Not all restaurateurs are in the kitchen or managing the day to day operations; for some, like Howard Greenstone, they are founders, co-founders, and investors. Greenstone, Academy Trustee member and the father of Academy alumnus Josh Greenstone ’12, is the co-founder of Waxstone Group with well-known chef and restaurateur Jonathan Waxman. Greenstone and Waxman currently have several restaurants in operation including two in Nashville, one in Atlanta, and one in San Francisco.
Beginning his career at the Grand Hyatt in New York and Hyatt Regency in Greenwich, Connecticut, Greenstone worked his way up the ranks eventually being Vice President of Dry Dock Restaurants and Director of Operations of Sfuzzi restaurants in 10 states. Later, he would become the President and CEO of Rosa Mexicano restaurants helping the group with growth and launching its first commercial product like, RM Kitchen.
Another alumnus working behind the scenes as an investor includes Trustee Don Rosenberg ’67, whose father, William Rosenberg, was the inventor of the “Food Truck,” which delivered meals to construction sites.

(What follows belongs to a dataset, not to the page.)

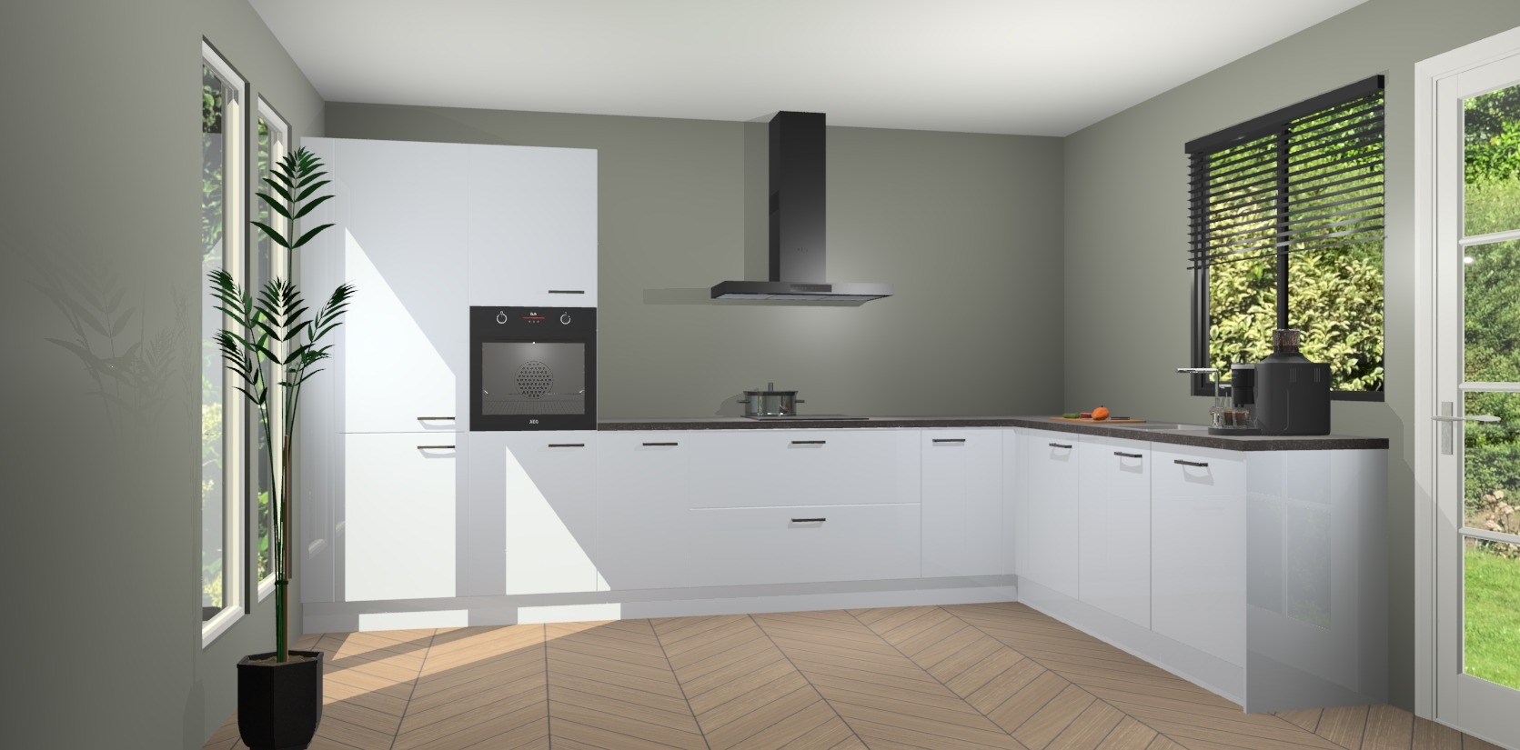 Met een modern, tijdloos design en ruime opslagruimte, zult u zich in no-time thuis voelen in uw nieuwe keuken. Uw leven wordt eenvoudiger met de soft-close deuren die voor het ultieme stille comfort zorgen - geen geluid dat u stoort terwijl u kookt. Ook is de keuken voorzien van 5 ingebouwde apparaten: een oven, inductie kookplaat, afzuigkap, vaatwasser en koelkast. Deze kunnen gemakkelijk na bestelling worden bijgewerkt naar AEG - waardoor uw luxe ervaring compleet is.
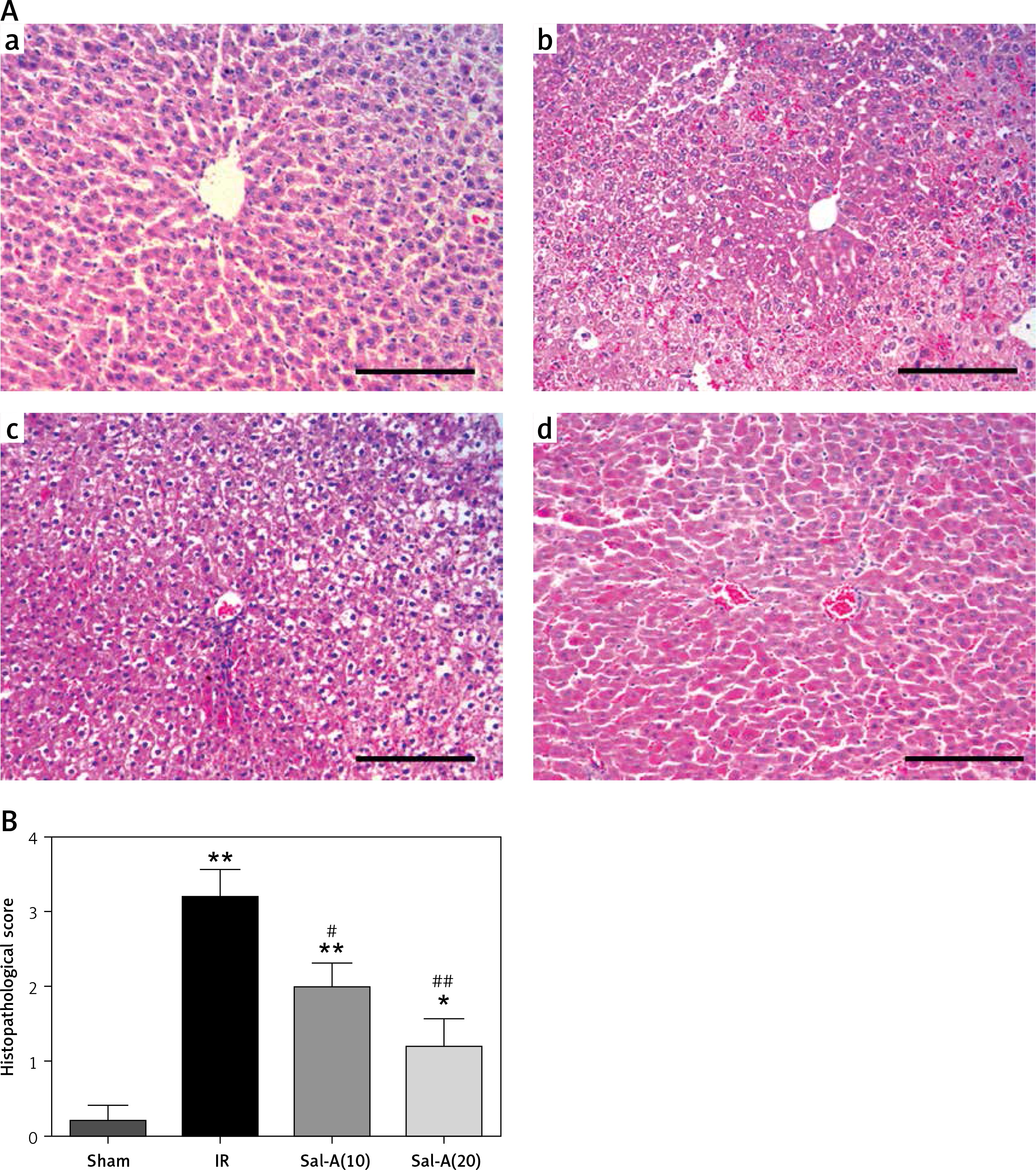 Histopathological examination of liver tissue. A – The liver histopathology changes (200×) in each group. a – Sham group, b – IR group, c – Sal-A(10) group, d – Sal-A(20) group. B – Liver histopathological scores for each group

William Rosenberg was also the founder of the iconic national brand Dunkin Donuts. Today, Rosenberg is the owner of Lexx Restaurant in Lexington, Massachusetts with Co-Owner and Managing Partner Chris Bateman. Before Lexx, Rosenberg operated Aesops’s Bagels from the same location, but shifted his focus thinking that the area needed an upscale casual restaurant that served cocktails and craft beer. A recent review of Lexx by The Boston Globe noted: “Wholesome food is the concept of this resolutely American menu, Lexx does classics right. It’s what you want in a neighborhood place- A friendly greeting, good food and a sense of belonging … dining virtuously and well.”
From vegetables and fruit to steak and beer, we all enjoy sitting down at the breakfast, lunch, or dinner table and enjoying our favorites meals. So join us in thanking the individuals, especially Cheshire Academy families and alumni, who tirelessly work to get those meals from farm to fork.